OBSIDIAN WREATH, Honduras

Mulberry, Dark Chocolate, Green Apple
| Producer | Don Fabio Caballero |
| Farm | Finca La Tina |
| Region | Marcala, La Paz |
| Varietal | Catuai |
| Processing | Supernatural |
| Altitude | 1,500 MASL |
Finca La Tina, nestled in the highlands of Marcala in La Paz, Honduras, is a quietly revered estate once helmed by Don Fabio Caballero, a name held in high esteem within the circles of specialty coffee. Although Don Fabio has since retreated from the forefront, content with a smaller stake and a more contemplative pace of life, the farm remains firmly within the care of his daughter Marysabel Caballero and her husband Moisés Herrera.
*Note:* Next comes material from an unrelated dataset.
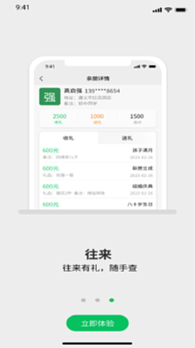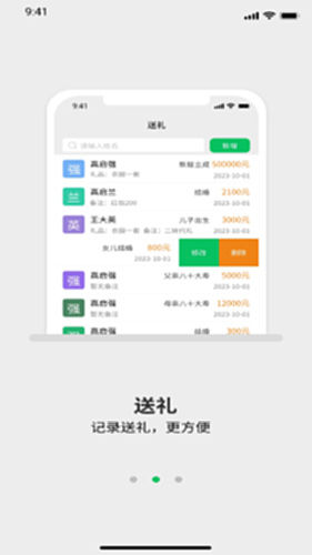 =共享=:一个家庭使用一个账号,亲朋详情、礼簿收礼、送礼记录同步展示,分家后还可以共享礼簿。
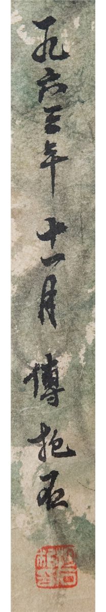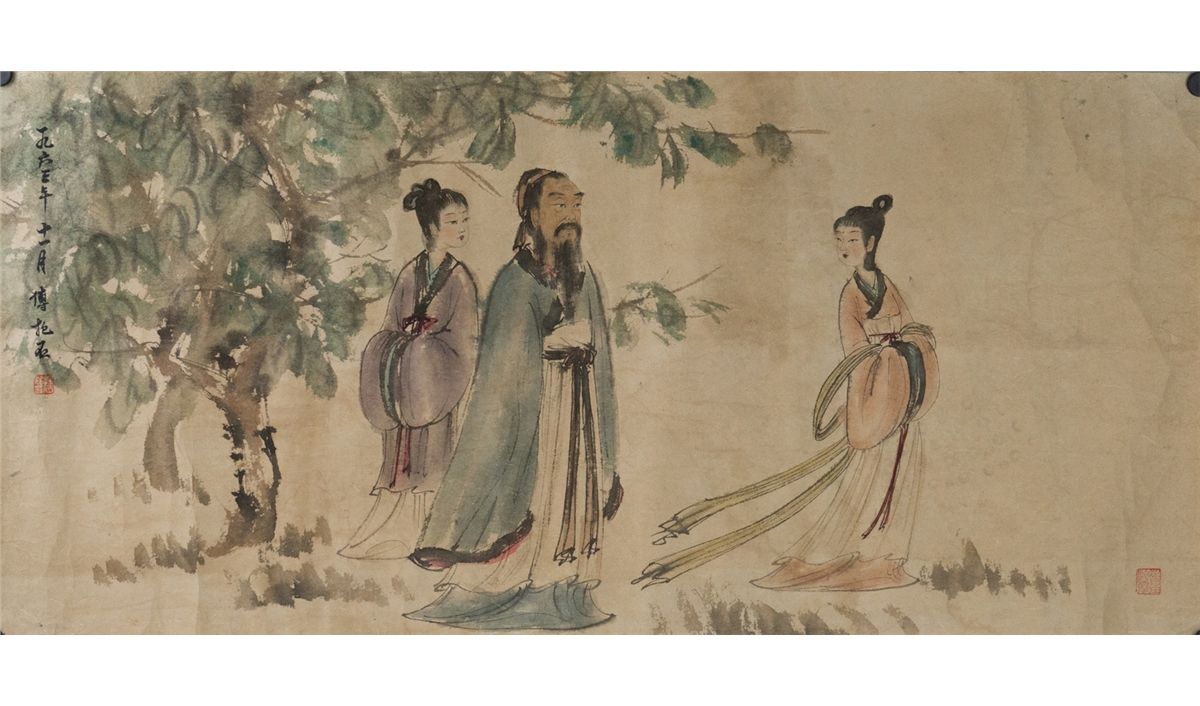 Sage and attendants, Chinese ink and watercolour; After Fu Baoshi (1904-1965) and inscribed with two artist seals; 95 cm x 45 cm

Under their stewardship, the legacy of precision and pride continues, though with the unspoken weight of upholding a storied name. The estate sits at an altitude favourable to coffee cultivation, benefiting from the unique microclimate of the region. This geography, coupled with a painstaking commitment to traditional practices, has placed La Tina among the few in Honduras that consistently deliver a product of international regard. This current lot from La Tina is a Catuai varietal, processed through the ‘Supernatural’ method. This involves an extended natural fermentation, followed by a deliberately slow drying phase at low temperatures. The effect is dramatic yet deliberate, concentrating sugars while teasing out clarity and brightness in the cup. Flavours emerge with a vivid, almost hallucinatory precision. This approach is not merely experimental. It is a quiet defiance against the standardisation of flavour, an assertion that coffee, like any honest agricultural product, is best when it refuses to conform. The Caballeros do not chase trends. They create conditions in which nature is permitted its fullest expression.
In the natural process, whole cherry is dried intact so the bean steeps in its own fruit. Done with discipline it builds heavy sweetness, body and pronounced berry character, with no shortcuts at the drying stage.
Honduras spans high mountain ranges with distinct microclimates, and its growers increasingly direct careful processing toward bright, sweet, expressive lots.